I was recently out with my regular imbibing posse at one of those fancy cocktail bars where every drink costs $18 and requires 20 minutes to prepare, wondering about how my poor life choices had led me so far astray from the halcyon days of my squandered youth, when a cheap bottle of beer or glass of plonk wine would fill me with glee. The bartender with the twirly mustachio and old-timey suspenders with sleeve garters shook me from my reverie, asking if I wanted red or white Vermouth in my cocktail.
For those not familiar with Vermouth, it comes from the German word vermut, which you may know as wormwood, also famous as principal flavoring agent in Absinthe, until it was declared poisonous.
Like many other spirits, Vermouth began as a medicinal potion in the 12th century. The Italians claim to have invented it by steeping herbs and flowers in a red wine, while the French make the same claim, only using white wine as the base.
All styles of Vermouth start with an aromatised wine. Herbs, flowers, and spices are ground up and added to a wine base, which is left to age for a few years to infuse the flavor. A grape-based distillate is then added to increase the alcohol content up to around 19%.
The French style of Vermouth is the most popular worldwide, and is also widely known as dry or white Vermouth. This is the Vermouth you will find in your martini. The Italian style of Vermouth is based on a red wine, and is much sweeter than French Vermouth. You will find this style in sweeter drinks like a Manhattan. While there was fierce rivalry between the French and Italian producers in the 1700’s, most Vermouth companies today offer both styles.
For the early years of my tippling career, I was under the impression that all Vermouth was white, until I stumbled into a tiny bar in Madrid while on vacation, which poured both red and white Vermouth directly into the glasses of eager patrons from spigots in the large wooden Vermouth barrels that made up the entire wall behind the bar. It was in this century-old bar that I developed a taste for red Vermouth, which has been produced in Spain since the 18th century. The Spanish style of Vermouth tends to be a bit sweeter than their French or Italian counterparts, and is typically served with 2-3 ounces poured over ice cubes, often paired with delightful little tapas like olives or salted fish.
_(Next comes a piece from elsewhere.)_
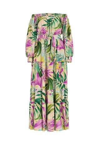 Haljina s uzorkom, V-izrezom i volanima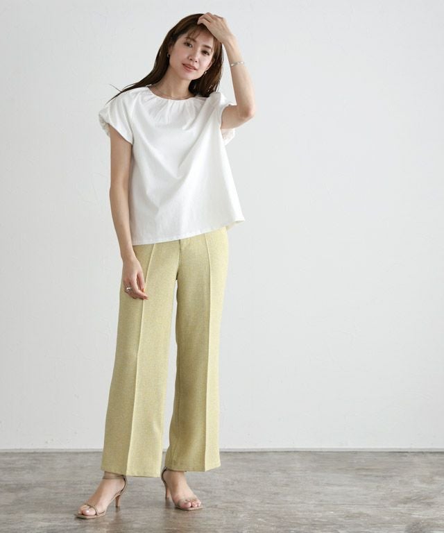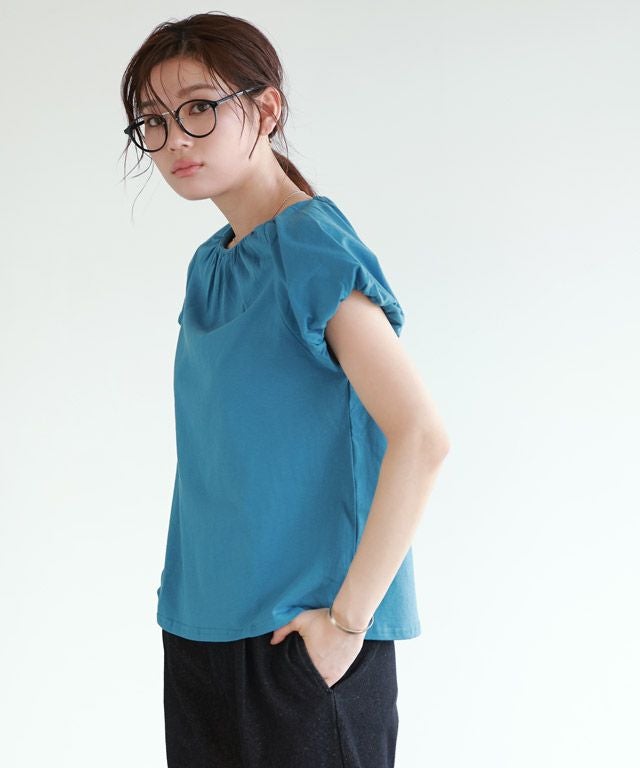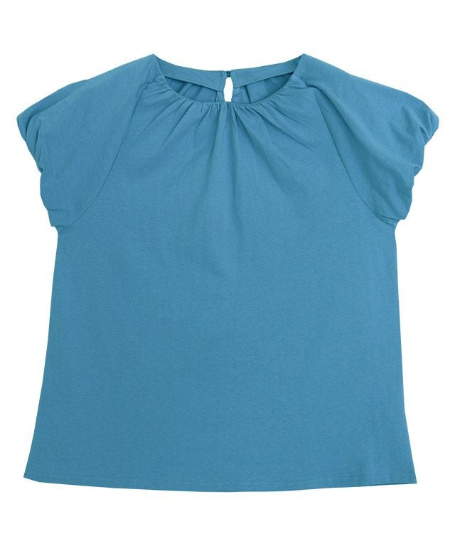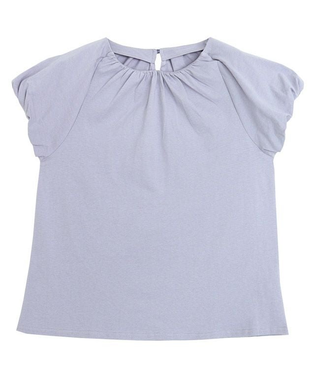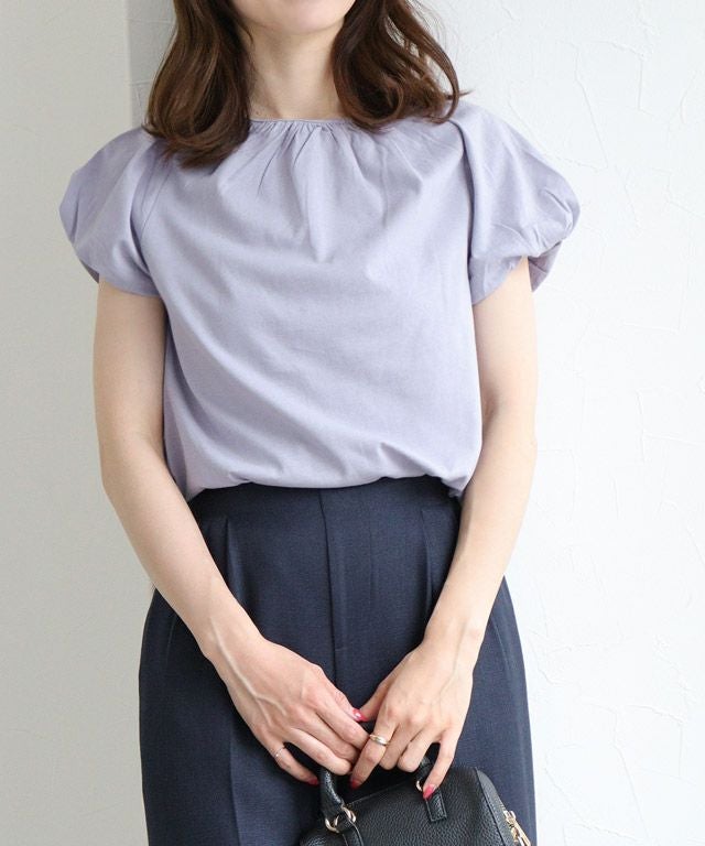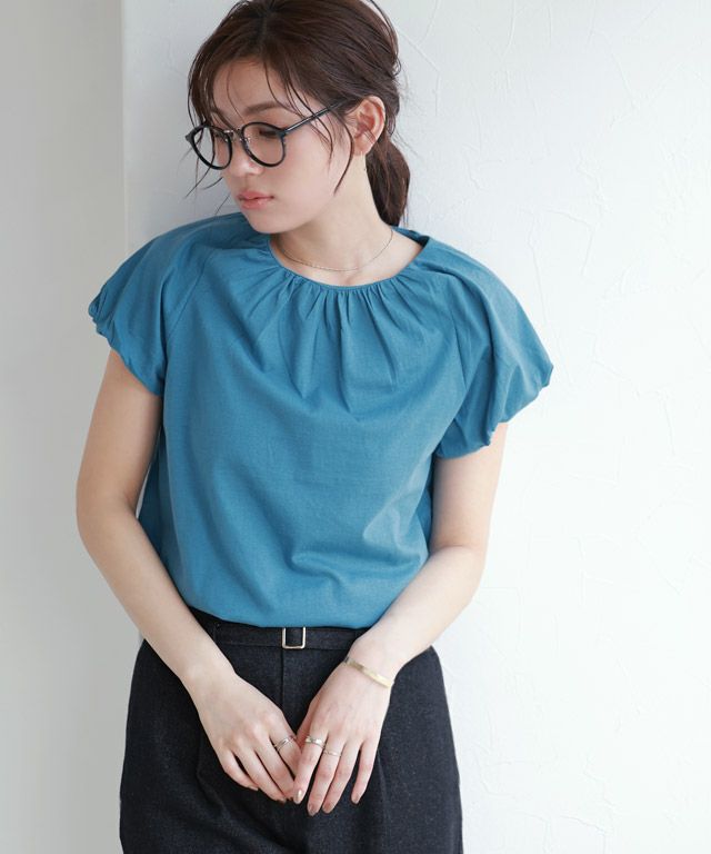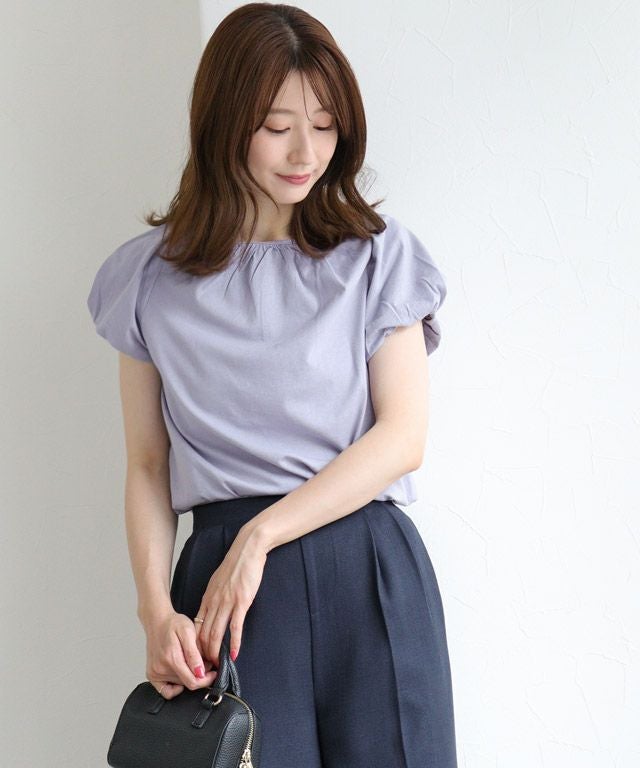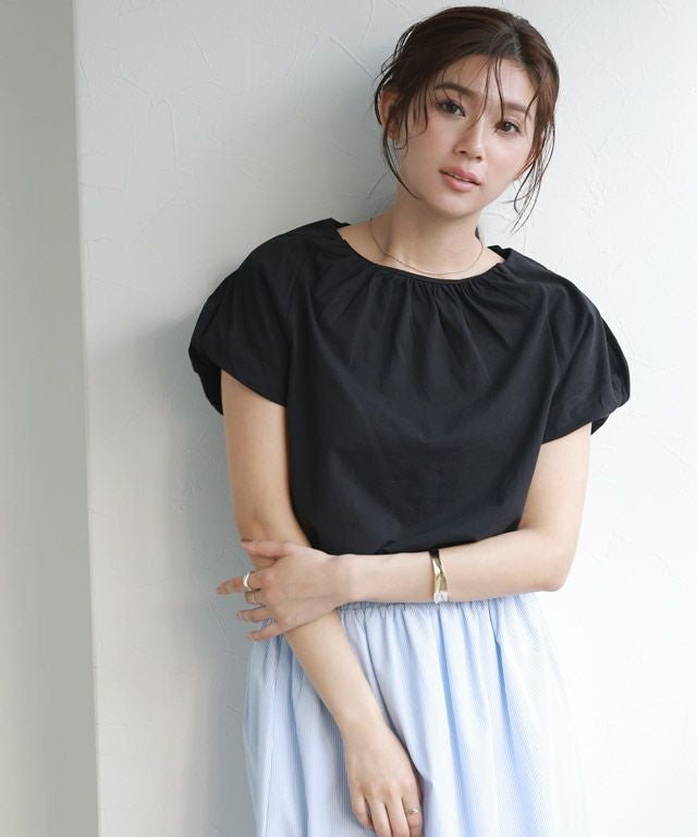 肩やネックに施したギャザーデザインがボリューム感を引き立ててくれ、フェミニンな印象に。フレンチスリーブなので、二の腕周りをカバーしてくれるのも魅力の一つです。

Unlike other spirits, there is no specific recipe for Vermouth, so different brands can vary widely in flavour. Some of the more common botanicals used to add flavour to Vermouth include cloves, cinnamon, quinine, ginger, wormwood (in tiny quantities), coriander, and rosemary. There are dozens of Vermouth producers in France and Italy, but they only export a few brands to North America, so our experiences are somewhat constrained by the lack of variety at our local liquor merchants.
Vermouth languished as a boring medicinal potion through the middle ages, used as a digestive aid or a healthy alternative to the plague-ridden waters of Europe. It wasn’t until the early 1800’s that the style of dry Vermouth that we’re most accustomed to was first produced. This new style took the cocktail world by storm, and we’ve been enjoying it ever since.
If you are mixing up a cocktail at home, a Martini will be the default choice for including Vermouth, with the classic recipe being two parts Gin and one part Dry Vermouth. If I am feeling particularly adventurous, I add a tiny splash of peated whisky to imbue the Martini with a smoky flavour.
While James Bond may prefer his Martini made with Vodka, I stick with the traditional Gin base, skipping the international brands for our very own Eau Claire Distillery Parlour Gin, made in the London Dry style like the classic Tanqueray or Beefeater brands. The Eau Claire Distillery in Diamond Valley kick-started the craft distilling movement in Alberta back in 2012, and has been going strong ever since, so they are always my first choice.
For those who prefer a bit of mixer in their martinis instead of just straight liquor, my take on the Cosmopolitan starts by adding several ice cubes to a martini shaker, then pour in two ounces of the Alberta Botanical Gin from the Canmore-based Wild Life distillery, half an ounce of dry Vermouth, and one ounce of Chambord Royale raspberry liqueur. Fill the shaker with Cranberry juice, then shake vigorously. Pour into two or three fancy martini glasses and serve.
While we don’t have much a domestic Vermouth industry, we do have dozens of craft distillers in Alberta, so be sure to pick up some crafty Gin to mix with your Vermouth!